Venezuelan theoretical physicist (born 1959)

Anamaría Font Villarroel is a Venezuelan theoretical physicist and professor of the Central University of Venezuela (UCV). Her research has been focused on models about the primordial components of matter in the context of string theory.

Font has contributed to development of Calabi–Yau dimensional compactification and she and her collaborators introduced the concept of S-duality to superstring theory, contributing to the second superstring revolution.

== Early life and education ==
Anamaría Font Villarroel was born in Anaco, Venezuela. In school she was supported by her teacher for her love of chemistry and physics. She obtained her bachelor's degree in physics, Cum Laude in 1980 from Simon Bolivar University, in Caracas, Venezuela.

== Academic career ==
Font received a PhD from the University of Texas at Austin in 1987, under the supervision of Austin M. Gleeson. Her PhD thesis was titled Four-Dimensional Supergravity Theories Arising from Superstrings. While pursuing her PhD, she received classes from Nobel Prize physicist Steven Weinberg. After completing her PhD she moved to France to work as a postdoctoral fellow in the Annecy-le-Vieux Particle Physics Laboratory (LAPP). Since 1989, she has been a physics professor at the Universidad Central de Venezuela in Caracas, Venezuela. She was also a visiting professor at the Arnold Sommerfeld Center for theoretical physics in Munich, Germany.

Her 1990 article with Luis E. Ibañez, Dieter Lüst and Fernando Quevedo titled "Strong-weak coupling duality and non-perturbative effects in string theory" had a big influence in the second superstring revolution in 1995. It was in this article where the term S-duality was first used in this context.

In 2013, Font was elected a fellow of The World Academy of Sciences (TWAS) for the advancement of science in developing countries.

Font has been actively involved in projects related to education in physics and mathematics in Venezuela and other countries. In July 2018, Physics Today magazine published an interview with Font about the status of science in Venezuela. The publication data base INSPIRE-HEP included three of her notorious publications into their data base.

She is a member of the Organization for Women in Science for the Developing World (OWSD).

Font is also a Severo Ochoa IFT (Instituto de Física Teórica) research associate.

== Personal life ==

Anamaria has 2 younger sisters, and a two half-siblings. In December 2017, Anamaria married Stefan Theisan, a physicist, after being together since 2001.

== Honors and awards ==
In 1991, Font was awarded the Lorenzo Mendoza Fleury Science Prize. Given by the country's national private industry, the prize recognizes the work of Venezuelan scientists, and is the most important scientific prize in Venezuela.

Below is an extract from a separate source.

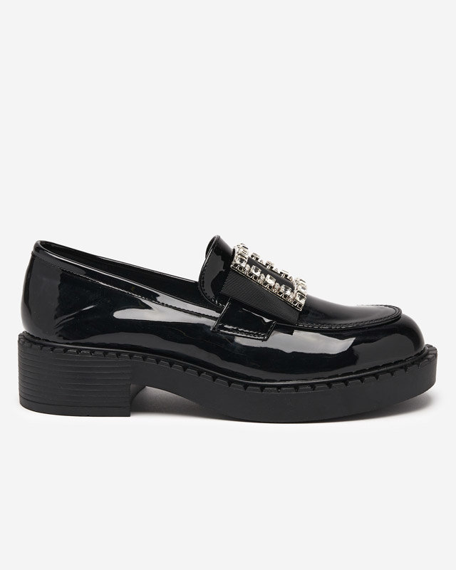 • Šīs sezonas modernākās sieviešu kurpes ar biezām zolēm. Virspuse un iekšzole izgatavota no lakotas ekoloģiskās ādas. Purngals ir dekorēts ar sudraba sprādzi. Piezīme: uz izstrādājuma materiāla ir līmes pēdas.

In 1998, she was awarded, jointly with Fernando Quevedo, the ICTP Prize in the field of High Energy Physics (in honour of Chen Ning Yang),

"for their contribution to the phenomenological studies in superstring theory based on orbifold compactifications and many works on Calabi–Yau compactifications, mirror symmetry and duality symmetries. These works have contributed to a greater understanding of the low energy string physics, as well as various stringy symmetries. In particular, the important concept of S-duality has been introduced by them and their collaborators."

In 2023, Font was awarded the L'Oréal-UNESCO For Women in Science Awards, representing Latin America,

recognized for her important contributions in theoretical particle physics, in particular to the study of String Theory. Her research has furthered the theory's implications for the structure of matter and quantum gravity, which is also relevant to the description of black holes and the first instants after the big bang

In November 2023, Font was named to the BBC's 100 Women list as one of the world's inspiring and influential women.

== Selected publications ==
Font has more than 50 publications with over 6000 citations. Below is a list of some of her publications.
- Font Villarroel, A (1987). "Four-dimensional supergravity theories arising from superstrings"
- Font, A. (1990). "Strong-weak coupling duality and non-perturbative effects in string theory"
- Font, A. (1990). "Supersymmetry breaking from duality invariant gaugino condensation"
- Font, A. (1990). "The construction of "realistic" four-dimensional strings through orbifolds"
- Font, A. (1989). "Does proton stability imply the existence of an extra Z0?"
- Font, A (2009). "Yukawa structure from U(1) fluxes in F-theory Grand unification"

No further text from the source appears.